Figure 9.13 Pain versus touch pathways

The remaining four pathways of the anterolateral system deal mostly with emotional and autonomic aspects of pain, and frequently project bilaterally in the brain. They are the spinoreticular tract (arousal), the spinomesencephalic tract (affective components of pain), the spinohypothalamic tract (to the autonomic control centers for fight or flight), and the cervicothalamic tract (playing a minor role).

Because of these different tracts that contribute to the sensory information propagation from the periphery to the brain, we will be able to not only sense the location and the intensity of somatosensory input but also generate emotional responses. Imagine that you are hiking in the late afternoon. It is getting dark, and you are tired. Every step you have is almost automatic. Then you step into a pothole, and sprain your ankle… The C-fiber or Aδ-fibers around your ankle constantly send action potentials to your spinal cord, activating the dorsal horn neurons. Through STT system, your brain knows where the pain is coming from and how strong it is. Activation of the spinoreticular system will boost your arousal level (see Chapter 15 Biological Rhythms and Sleep), whereas activation of the spinohypothalamic system will raise your sympathetic activity to increase your heart rate and blood pressure. Finally, if you are lucky and have a strong network of descending inhibitory systems (see below), through the spinomesencephalic tract, brainstem structures will be activated and send inhibitory signals to the lumbar spinal cord to reduce the spinal cord dorsal horn neuron activity, a self-built “closed-loop feedback” system that helps the individual to cope with pain.

Figure 9.14 Somatosensory pathways for touch and pressure

Figure 9.15 Pain and temperature pathways

Descending inhibitory pathways

As we mentioned in our earlier discussion of the neurons that control spinal-level transmission of sensory information, our brain is organized in a way to not only receive ascending input from the periphery, but also to manage inputs through a descending system sending projections downward at different levels (Sandkuhler et al., 1987; Jones and Gebhart, 1988; Millan, 2002). This protective measure enables the individual’s ongoing performance without being distracted by pain. For example, when injuries happen to soldiers on the battlefield or athletes in sports competitions, they do not feel that much pain due to the strong activation of the descending inhibition. It is believed that the center controlling the descending inhibition is located in the periaqueductal gray (PAG) in the midbrain (Figure 9.16).

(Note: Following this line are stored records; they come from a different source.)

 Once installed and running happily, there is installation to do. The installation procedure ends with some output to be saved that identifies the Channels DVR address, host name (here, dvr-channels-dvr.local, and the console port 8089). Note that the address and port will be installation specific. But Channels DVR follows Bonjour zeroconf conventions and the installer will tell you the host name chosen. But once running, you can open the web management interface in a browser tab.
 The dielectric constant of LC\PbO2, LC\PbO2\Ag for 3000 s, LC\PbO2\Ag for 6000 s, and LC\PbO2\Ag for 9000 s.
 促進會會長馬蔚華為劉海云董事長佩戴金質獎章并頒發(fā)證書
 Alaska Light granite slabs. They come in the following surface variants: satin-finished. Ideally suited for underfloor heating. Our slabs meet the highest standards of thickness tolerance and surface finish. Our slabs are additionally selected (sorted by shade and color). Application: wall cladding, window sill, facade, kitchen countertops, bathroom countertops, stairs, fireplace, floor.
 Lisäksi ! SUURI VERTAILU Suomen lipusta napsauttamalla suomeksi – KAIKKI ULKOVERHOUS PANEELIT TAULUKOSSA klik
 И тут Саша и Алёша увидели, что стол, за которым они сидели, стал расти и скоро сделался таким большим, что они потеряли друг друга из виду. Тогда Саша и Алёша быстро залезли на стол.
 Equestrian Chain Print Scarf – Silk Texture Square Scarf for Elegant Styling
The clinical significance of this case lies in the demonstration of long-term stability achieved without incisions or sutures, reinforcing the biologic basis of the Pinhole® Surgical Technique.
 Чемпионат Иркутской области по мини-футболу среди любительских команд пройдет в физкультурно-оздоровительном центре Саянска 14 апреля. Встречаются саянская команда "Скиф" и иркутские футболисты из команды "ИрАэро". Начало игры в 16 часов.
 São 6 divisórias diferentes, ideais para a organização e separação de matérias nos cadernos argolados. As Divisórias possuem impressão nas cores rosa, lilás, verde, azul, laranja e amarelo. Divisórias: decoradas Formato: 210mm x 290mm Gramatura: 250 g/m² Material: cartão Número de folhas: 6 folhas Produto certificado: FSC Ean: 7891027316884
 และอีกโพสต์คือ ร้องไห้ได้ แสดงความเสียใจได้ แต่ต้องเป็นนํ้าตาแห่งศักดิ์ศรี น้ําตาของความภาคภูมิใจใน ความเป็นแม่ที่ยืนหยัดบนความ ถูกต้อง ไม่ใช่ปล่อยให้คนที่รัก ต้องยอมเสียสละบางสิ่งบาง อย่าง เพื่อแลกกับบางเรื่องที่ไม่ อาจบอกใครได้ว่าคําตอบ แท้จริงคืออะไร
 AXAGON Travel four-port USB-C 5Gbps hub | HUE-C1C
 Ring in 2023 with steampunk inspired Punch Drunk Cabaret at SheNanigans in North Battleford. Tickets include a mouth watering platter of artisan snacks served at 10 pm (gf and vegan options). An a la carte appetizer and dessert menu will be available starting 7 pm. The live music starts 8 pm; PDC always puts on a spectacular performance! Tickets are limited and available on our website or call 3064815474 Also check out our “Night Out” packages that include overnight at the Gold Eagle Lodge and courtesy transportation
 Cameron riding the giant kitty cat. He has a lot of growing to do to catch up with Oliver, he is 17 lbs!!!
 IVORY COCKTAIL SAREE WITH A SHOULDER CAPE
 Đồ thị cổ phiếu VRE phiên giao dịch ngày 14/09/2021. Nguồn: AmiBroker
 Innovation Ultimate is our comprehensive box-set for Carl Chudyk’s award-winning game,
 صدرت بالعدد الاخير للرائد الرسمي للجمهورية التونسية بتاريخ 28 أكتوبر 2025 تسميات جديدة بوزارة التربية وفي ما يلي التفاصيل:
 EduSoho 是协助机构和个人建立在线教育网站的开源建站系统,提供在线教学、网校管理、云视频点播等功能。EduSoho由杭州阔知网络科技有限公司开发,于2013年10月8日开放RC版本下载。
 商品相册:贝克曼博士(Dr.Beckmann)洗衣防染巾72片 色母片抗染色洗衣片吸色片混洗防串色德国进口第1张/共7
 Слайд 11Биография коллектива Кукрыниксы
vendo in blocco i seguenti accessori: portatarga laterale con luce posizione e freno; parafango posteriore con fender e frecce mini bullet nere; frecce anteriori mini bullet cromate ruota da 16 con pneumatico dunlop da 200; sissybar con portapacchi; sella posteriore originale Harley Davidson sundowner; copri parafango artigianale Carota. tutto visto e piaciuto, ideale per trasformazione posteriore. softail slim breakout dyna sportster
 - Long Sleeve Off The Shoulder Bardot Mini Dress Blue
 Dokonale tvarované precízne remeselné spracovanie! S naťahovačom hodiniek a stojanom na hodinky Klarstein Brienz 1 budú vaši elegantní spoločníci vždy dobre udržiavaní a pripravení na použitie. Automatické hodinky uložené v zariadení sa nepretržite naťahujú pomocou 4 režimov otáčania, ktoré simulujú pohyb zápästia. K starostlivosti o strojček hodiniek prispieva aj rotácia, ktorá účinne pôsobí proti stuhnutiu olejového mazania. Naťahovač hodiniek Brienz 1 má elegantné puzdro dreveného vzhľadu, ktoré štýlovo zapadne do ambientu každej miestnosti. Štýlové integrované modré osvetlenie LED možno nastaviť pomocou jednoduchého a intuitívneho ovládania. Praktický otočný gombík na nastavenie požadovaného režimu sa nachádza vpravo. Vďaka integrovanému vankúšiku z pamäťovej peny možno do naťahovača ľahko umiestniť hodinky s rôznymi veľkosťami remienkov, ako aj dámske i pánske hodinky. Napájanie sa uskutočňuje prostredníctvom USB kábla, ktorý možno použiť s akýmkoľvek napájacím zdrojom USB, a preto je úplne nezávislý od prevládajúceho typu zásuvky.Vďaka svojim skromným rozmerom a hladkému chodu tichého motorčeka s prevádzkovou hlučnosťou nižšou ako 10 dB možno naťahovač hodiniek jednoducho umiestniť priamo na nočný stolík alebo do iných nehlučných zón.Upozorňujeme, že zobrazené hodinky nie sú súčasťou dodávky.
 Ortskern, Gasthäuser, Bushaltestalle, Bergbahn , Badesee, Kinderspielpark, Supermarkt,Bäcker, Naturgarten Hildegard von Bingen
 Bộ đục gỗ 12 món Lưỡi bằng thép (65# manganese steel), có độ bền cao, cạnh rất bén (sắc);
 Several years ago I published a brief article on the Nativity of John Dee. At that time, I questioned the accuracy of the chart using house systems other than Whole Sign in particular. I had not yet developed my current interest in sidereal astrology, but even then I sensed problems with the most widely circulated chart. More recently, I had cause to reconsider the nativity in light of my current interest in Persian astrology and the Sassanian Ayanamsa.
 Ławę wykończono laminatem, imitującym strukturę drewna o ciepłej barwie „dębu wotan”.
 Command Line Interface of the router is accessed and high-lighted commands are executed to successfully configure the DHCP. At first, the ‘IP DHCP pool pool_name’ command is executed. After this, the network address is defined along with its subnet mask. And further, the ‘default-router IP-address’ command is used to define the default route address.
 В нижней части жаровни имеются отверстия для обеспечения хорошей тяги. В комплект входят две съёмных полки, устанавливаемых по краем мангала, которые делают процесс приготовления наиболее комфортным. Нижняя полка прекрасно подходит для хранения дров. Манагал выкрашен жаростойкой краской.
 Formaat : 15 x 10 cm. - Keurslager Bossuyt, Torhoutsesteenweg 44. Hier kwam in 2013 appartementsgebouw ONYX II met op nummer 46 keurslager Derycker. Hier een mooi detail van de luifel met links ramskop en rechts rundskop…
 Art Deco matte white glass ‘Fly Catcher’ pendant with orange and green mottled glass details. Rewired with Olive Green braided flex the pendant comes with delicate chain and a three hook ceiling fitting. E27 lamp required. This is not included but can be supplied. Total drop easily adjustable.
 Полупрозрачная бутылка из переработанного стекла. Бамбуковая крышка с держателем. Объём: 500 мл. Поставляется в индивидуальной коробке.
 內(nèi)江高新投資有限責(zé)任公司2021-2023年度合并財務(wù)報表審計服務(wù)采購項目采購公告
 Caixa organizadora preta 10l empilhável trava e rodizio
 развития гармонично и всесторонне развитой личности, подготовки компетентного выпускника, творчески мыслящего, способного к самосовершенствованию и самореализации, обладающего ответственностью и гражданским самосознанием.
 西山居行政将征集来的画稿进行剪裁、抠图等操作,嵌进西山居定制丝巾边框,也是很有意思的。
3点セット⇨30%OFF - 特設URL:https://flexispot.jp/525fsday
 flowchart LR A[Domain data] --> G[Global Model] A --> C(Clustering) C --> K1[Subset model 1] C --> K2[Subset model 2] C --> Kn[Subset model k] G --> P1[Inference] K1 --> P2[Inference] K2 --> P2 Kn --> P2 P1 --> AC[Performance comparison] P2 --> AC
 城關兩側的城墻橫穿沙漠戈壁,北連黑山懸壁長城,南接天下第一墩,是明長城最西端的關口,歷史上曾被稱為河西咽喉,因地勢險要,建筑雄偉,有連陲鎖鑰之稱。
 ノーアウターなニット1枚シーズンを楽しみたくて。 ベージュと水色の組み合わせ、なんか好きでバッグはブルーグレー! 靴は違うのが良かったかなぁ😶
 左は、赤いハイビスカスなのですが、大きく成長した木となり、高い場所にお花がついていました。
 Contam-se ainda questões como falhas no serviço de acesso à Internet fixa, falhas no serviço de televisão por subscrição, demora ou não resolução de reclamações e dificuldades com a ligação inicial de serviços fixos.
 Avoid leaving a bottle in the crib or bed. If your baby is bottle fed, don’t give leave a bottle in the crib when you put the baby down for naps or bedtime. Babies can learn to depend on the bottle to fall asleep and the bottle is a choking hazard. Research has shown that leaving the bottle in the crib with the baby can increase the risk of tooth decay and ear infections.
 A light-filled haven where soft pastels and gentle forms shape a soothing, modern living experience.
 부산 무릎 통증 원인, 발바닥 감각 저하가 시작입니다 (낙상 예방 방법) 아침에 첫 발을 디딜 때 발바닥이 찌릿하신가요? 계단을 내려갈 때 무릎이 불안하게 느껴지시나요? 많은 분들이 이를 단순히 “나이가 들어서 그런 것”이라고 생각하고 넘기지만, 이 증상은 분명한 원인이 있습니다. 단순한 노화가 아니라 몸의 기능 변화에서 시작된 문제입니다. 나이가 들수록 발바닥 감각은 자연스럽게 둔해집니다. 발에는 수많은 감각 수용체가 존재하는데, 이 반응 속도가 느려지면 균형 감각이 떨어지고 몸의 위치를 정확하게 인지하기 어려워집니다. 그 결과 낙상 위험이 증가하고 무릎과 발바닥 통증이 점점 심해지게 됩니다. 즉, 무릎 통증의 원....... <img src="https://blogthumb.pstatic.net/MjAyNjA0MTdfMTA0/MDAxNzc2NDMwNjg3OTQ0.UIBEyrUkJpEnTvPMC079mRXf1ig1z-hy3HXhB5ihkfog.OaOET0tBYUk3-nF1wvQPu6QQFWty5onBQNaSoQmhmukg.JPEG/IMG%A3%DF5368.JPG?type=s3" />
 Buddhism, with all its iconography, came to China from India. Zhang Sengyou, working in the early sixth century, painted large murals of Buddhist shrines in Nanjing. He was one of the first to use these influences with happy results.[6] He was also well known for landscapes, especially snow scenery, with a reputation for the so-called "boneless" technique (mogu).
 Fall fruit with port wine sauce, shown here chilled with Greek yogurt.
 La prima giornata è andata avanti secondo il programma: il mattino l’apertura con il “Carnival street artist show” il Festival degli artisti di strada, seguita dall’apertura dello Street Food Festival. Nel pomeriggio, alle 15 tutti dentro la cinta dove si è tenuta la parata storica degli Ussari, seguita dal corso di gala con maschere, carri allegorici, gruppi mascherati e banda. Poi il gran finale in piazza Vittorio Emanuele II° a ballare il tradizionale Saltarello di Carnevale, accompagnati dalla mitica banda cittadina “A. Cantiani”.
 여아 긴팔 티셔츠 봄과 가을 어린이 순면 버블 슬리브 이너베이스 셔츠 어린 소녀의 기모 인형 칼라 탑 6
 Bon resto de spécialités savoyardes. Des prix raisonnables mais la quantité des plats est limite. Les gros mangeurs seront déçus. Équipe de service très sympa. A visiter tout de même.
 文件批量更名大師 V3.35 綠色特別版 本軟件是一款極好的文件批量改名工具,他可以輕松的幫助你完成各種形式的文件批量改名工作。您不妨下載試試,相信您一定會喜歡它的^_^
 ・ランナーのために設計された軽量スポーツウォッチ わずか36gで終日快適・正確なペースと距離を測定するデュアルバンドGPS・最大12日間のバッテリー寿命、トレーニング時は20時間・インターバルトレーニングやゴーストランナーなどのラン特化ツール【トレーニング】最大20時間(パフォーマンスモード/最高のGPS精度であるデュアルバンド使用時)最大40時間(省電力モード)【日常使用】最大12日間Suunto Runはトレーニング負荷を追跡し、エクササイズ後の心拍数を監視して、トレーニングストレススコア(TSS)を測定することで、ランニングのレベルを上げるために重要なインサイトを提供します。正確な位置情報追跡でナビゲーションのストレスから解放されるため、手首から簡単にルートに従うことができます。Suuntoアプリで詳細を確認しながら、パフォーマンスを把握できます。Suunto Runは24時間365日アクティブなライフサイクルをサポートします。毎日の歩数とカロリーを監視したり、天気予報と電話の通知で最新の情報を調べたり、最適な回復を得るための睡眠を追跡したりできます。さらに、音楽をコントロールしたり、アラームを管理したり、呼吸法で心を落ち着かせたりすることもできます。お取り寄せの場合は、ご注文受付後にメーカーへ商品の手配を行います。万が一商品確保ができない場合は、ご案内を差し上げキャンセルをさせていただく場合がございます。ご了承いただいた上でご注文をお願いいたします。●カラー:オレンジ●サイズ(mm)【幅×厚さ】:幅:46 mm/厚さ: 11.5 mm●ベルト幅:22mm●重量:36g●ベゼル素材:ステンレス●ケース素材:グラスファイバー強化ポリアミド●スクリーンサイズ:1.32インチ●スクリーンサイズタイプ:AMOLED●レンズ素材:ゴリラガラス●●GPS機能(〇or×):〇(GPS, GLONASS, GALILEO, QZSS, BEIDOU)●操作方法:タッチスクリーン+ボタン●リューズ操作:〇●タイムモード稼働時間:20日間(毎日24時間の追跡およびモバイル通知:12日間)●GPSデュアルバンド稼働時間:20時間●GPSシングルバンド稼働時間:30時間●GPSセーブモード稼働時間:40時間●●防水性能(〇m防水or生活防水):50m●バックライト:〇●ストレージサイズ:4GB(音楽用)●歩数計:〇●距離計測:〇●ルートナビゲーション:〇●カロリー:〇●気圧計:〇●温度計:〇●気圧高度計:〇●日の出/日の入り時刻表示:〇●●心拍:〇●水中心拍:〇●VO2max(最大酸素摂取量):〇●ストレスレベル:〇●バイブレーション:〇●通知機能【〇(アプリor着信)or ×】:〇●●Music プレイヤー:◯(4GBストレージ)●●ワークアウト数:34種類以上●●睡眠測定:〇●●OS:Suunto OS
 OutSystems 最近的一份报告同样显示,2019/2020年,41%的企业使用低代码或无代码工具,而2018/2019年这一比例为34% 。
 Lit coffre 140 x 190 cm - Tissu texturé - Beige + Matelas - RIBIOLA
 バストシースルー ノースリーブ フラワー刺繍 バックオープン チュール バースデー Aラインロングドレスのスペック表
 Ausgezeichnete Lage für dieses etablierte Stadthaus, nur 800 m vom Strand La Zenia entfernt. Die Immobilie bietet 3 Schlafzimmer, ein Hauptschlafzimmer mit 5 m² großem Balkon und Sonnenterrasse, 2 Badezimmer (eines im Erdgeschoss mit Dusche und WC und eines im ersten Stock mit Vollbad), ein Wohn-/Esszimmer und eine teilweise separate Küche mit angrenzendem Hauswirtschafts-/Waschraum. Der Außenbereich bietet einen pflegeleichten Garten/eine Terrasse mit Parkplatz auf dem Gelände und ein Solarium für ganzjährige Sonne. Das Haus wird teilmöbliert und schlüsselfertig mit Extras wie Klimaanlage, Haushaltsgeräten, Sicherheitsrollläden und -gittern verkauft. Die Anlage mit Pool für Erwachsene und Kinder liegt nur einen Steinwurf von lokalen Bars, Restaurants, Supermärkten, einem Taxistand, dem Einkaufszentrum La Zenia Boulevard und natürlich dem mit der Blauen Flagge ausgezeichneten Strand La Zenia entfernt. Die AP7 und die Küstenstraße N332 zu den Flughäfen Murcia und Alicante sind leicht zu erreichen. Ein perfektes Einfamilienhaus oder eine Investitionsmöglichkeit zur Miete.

Figure 9.16 Descending pain modulation

Three major inhibitory systems contribute to the descending inhibitory system that originates in the PAG. The first one is the endogenous opioid system that releases endorphins, which can inhibit the activities of the spinal cord dorsal horn pain projection neurons to reduce or block signals to the brain. The second one is the serotonergic system, with the cell bodies located in the nucleus raphe magnus (NRM) in the brainstem, which projects their axons to the spinal cord at different levels to release serotonin. When serotonin binds to their receptors in the spinal cord projection neurons, it suppresses their activity. The third system is the noradrenergic system. The cell bodies are located in the locus coeruleus (LC), or 'blue spot', a structure in the brainstem. The axons of the LC project down to the spinal cord and release neurotransmitter, norepinephrine/noradrenaline, which suppresses the activity of the spinal projection neurons. With the contribution of these three major descending inhibitory systems, a closed-loop of pain coping mechanism is established. However, it may vary from person to person. See more in emotional components of pain in the next main section.